A higher volume also gives companies the chance to improve their own operations. “We moved from one-off design to standardizing the design” for Plug Power’s fueling equipment, Schmid said. “We moved from guild-built to factory assembly.”
Those moves have shortened the time between a customer’s order and the time it can start dispensing hydrogen to as little as 16 weeks, he said.
‘A three-legged stool’
Infrastructure is an ongoing challenge, especially for mobile applications such as automobiles. Honda and Toyota both make fuel cell passenger vehicles. The cars can go up to 300 miles from a fill-up that takes minutes. However, none of the cars are sold in Ohio because a public fueling network doesn’t exist in the state yet.
Meanwhile, people are driving the vehicles in California, thanks in part to a commitment from the state to help build fueling stations.
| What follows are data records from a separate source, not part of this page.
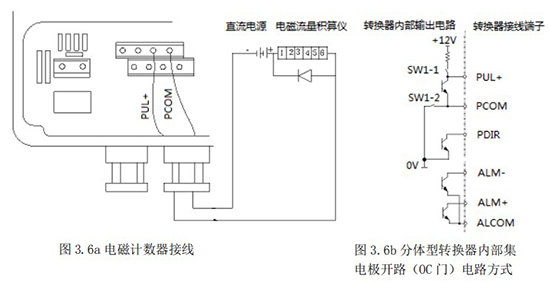 3.4.5 頻率(脈沖)、上下限報(bào)警、流向標(biāo)示等輸出均為集電極開(kāi)路的電平輸出信號(hào)。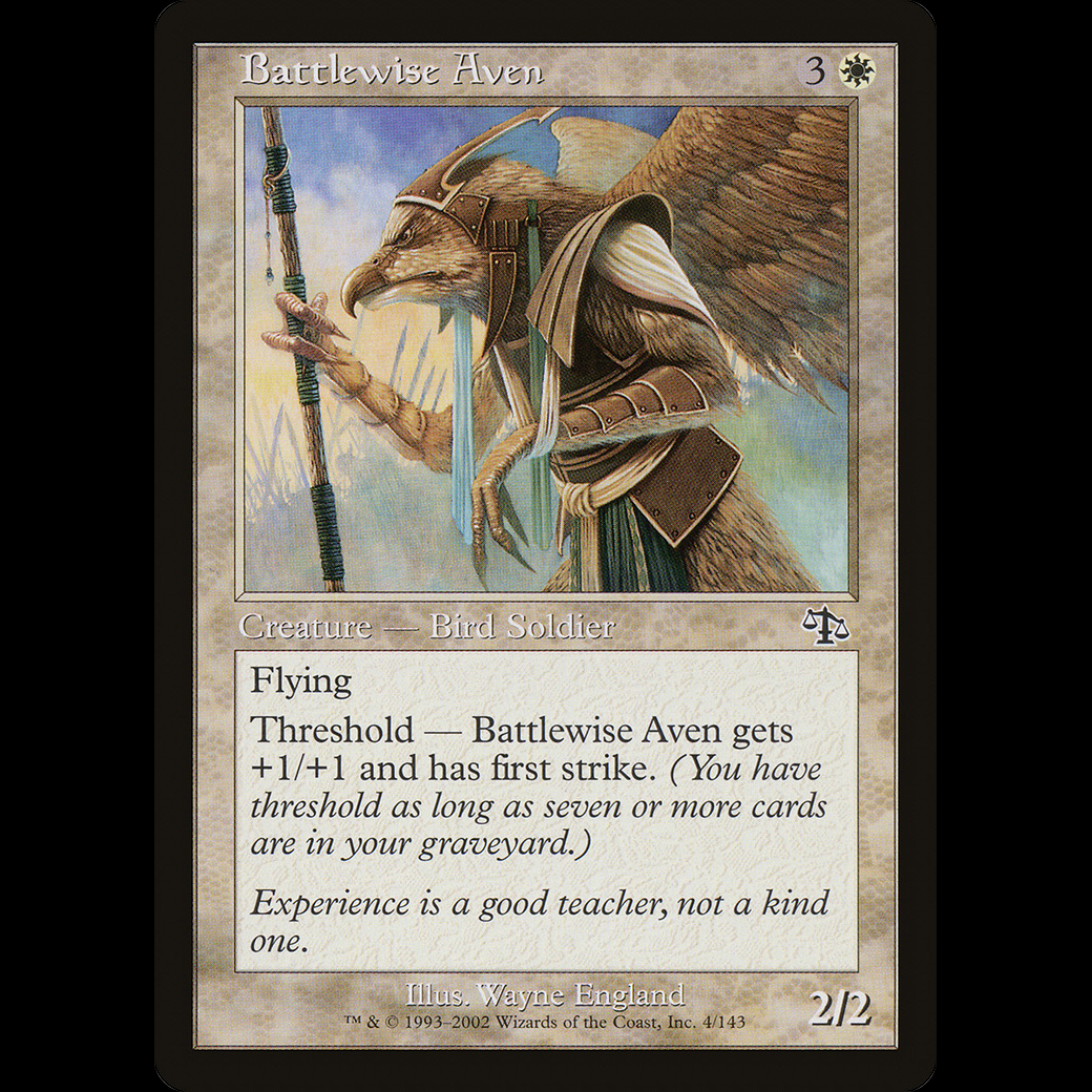 Threshold — As long as seven or more cards are in your graveyard, Battlewise Aven gets +1/+1 and has first strike.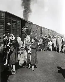 À son arrivée à Treblinka, le convoi ne compte plus que des wagons remplis de cadavres enchevêtrés, Juifs et Tziganes. Cette vision d'horreur est décrite par le prisonnier Sonderkommando Samuel Willenberg qui s'est échappé avec succès pendant la révolte de Treblinka[12] et a participé au déchargement des wagons de marchandises, décrivant de la manière suivante dans son livre Revolt in Treblinka :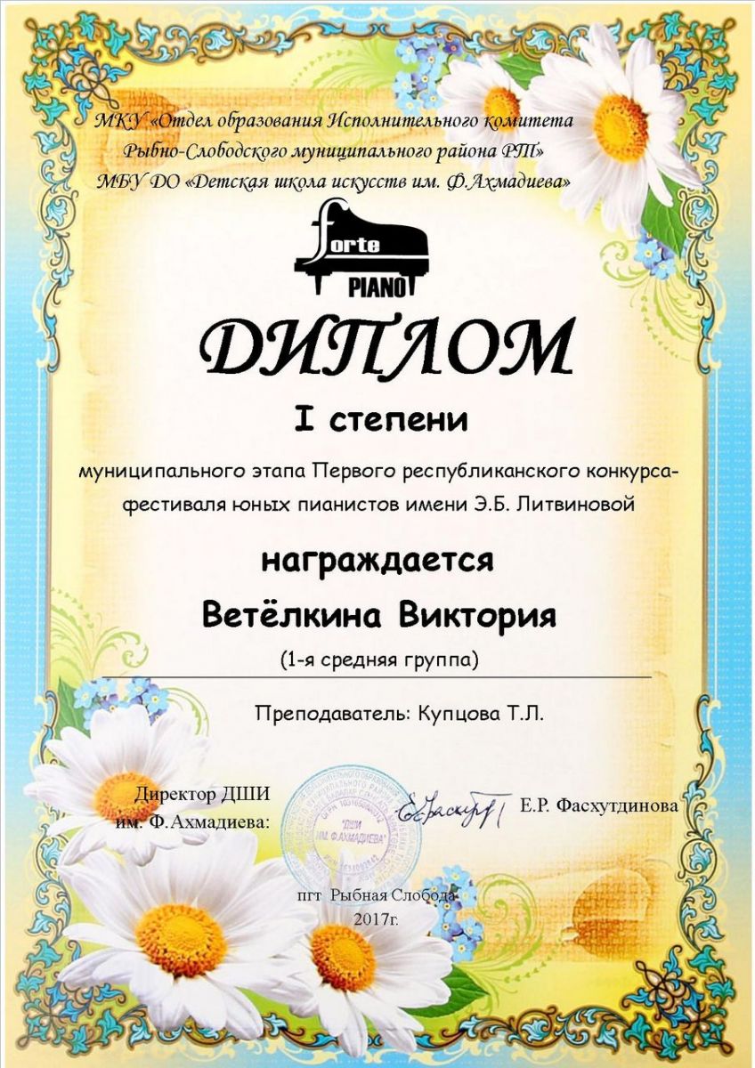 Ветёлкина Виктория - Диплом I-й степени муниципального этапа Первого Республиканского конкурса-фестиваля юнях пианистов имени Э.Б. Литвиновой "Forte-PIANO"(1-я средняя группа)(ноябрь 2017г.)

States in the Northeast are working to set up a similar network.
Expanding vehicle adoption and infrastructure is not just a question about the chicken or the egg. “It’s really a three-legged stool,” said David Edwards of Air Liquide, which has an office in Independence, Ohio. “You have to include hydrogen production in that.”
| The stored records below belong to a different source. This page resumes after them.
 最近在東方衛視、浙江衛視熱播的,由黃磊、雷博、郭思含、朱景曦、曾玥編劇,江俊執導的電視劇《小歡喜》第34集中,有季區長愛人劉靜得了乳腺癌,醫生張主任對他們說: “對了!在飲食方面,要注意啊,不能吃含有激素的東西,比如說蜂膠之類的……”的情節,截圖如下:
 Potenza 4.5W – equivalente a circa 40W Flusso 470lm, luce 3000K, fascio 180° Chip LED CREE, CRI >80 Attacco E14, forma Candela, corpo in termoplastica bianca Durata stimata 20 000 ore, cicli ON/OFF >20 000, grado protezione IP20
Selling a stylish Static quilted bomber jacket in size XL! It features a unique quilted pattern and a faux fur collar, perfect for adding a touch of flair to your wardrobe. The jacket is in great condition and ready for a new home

Currently, most hydrogen used in fuel cells comes from reforming natural gas. The process does produce some carbon dioxide emissions. However, it can still provide environmental benefits over running a vehicle directly on natural gas because the potential exists to capture carbon dioxide at a stationery reformer.
But carbon capture is rarely done so far, Edwards noted. As markets for passenger vehicles expand, however, the demand will likely grow for hydrogen from sustainable sources.
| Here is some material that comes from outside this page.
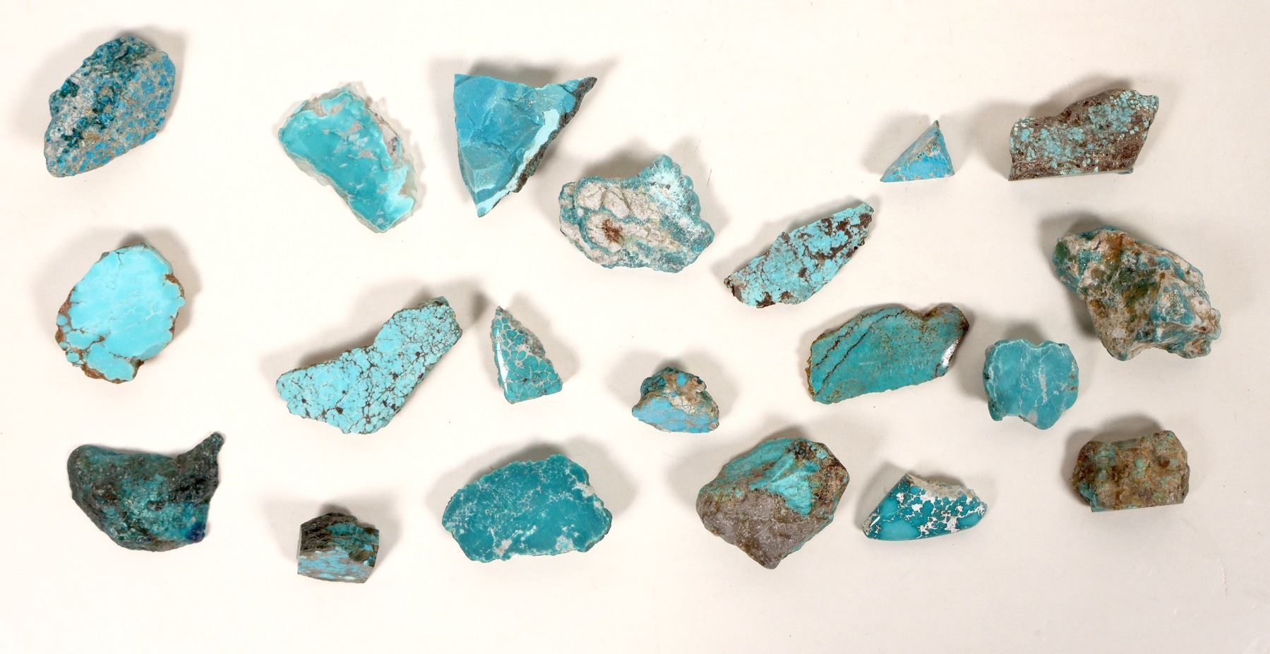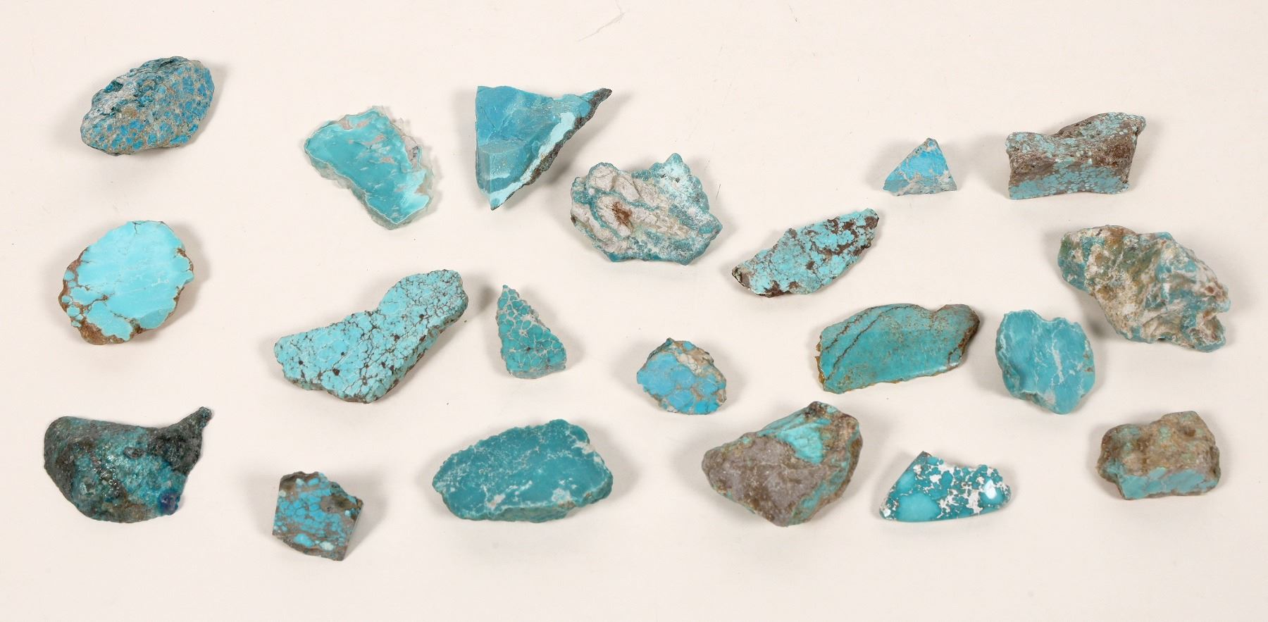 20 pieces of high-grade, gorgeous deep blue Natural Turquoise from the No. 8 Turquoise Mine, located in the Lynn Mining District in northern Eureka County in Nevada. The #8 Mine produced what is often considered some of the highest grade turquoise known. The turquoise in this sale was warehoused for the last 35-40 years and came from one of the most prized turquoise deposits ever found in the world. Very collectible. All of have one or more polished or cut & polished surface. Small sized pieces. Most appear to be treated/stabilized. Nice group. Total weigh approx. 9.5 ozs.

“Our future is blue or green production pathways,” Edwards said. His company is committed to producing at least half its hydrogen without carbon dioxide emissions by 2020.
The “greenest way to make hydrogen today is by replacing the natural gas” with biogas, Edwards noted. Other options include electrolysis from solar or wind energy or from combined heat and power operations.
Policy matters
Public policy also plays an important part in industry growth. Other countries are providing substantial support for their own fuel cell industries, which compete with the United States’ industry, noted Patrick Fullenkamp at GLWN in Cleveland, Ohio. He served as principal investigator for the Department of Energy on a competitiveness survey on the hydrogen and fuel cell industry.
“Japan has national support for the markets, and there is a level of certainty there,” Fullenkamp said. South Korea, China, Germany and other European countries are also showing support, he noted.
Satyapan’s office at the Department of Energy provides substantial support and funding for research and development work. The agency continues to offer multiple funding opportunities for businesses across the U.S.
Additional financial incentives would further stimulate the industry, said Stephen Ellis of American Honda Motor. A federal tax credit for fuel cells was renewed through 2016.
And while Congress extended tax credits for solar and wind energy last December: “Unfortunately, fuel cells were not included,” Valente said. “Because of the growth potential in the state, we want to insure that the federal tax credit is renewed.”
State policy also makes a difference, said Ted Ford of Ohio Advanced Energy Economy, who attended the conference. Ohio energy policy remains unsettled with a freeze on clean energy standards in place through the end of this year, and some lawmakers hope to change statutory requirements into goals that wouldn’t be enforced until at least 2020.
“Fuel cells are kind of at their breakout moment,” Ford said, noting that the technology could become “a major source of electricity for microgrids [and] for a whole variety of things in the very near future.”
As he sees it, policy can play a big part in whether more of the fuel cell business and the companies that will depend on it come to Ohio or head elsewhere.
“Ohio needs to look like a place where you can come and do business on your own terms, and energy is one of the big factors that determines where people go,” Ford said.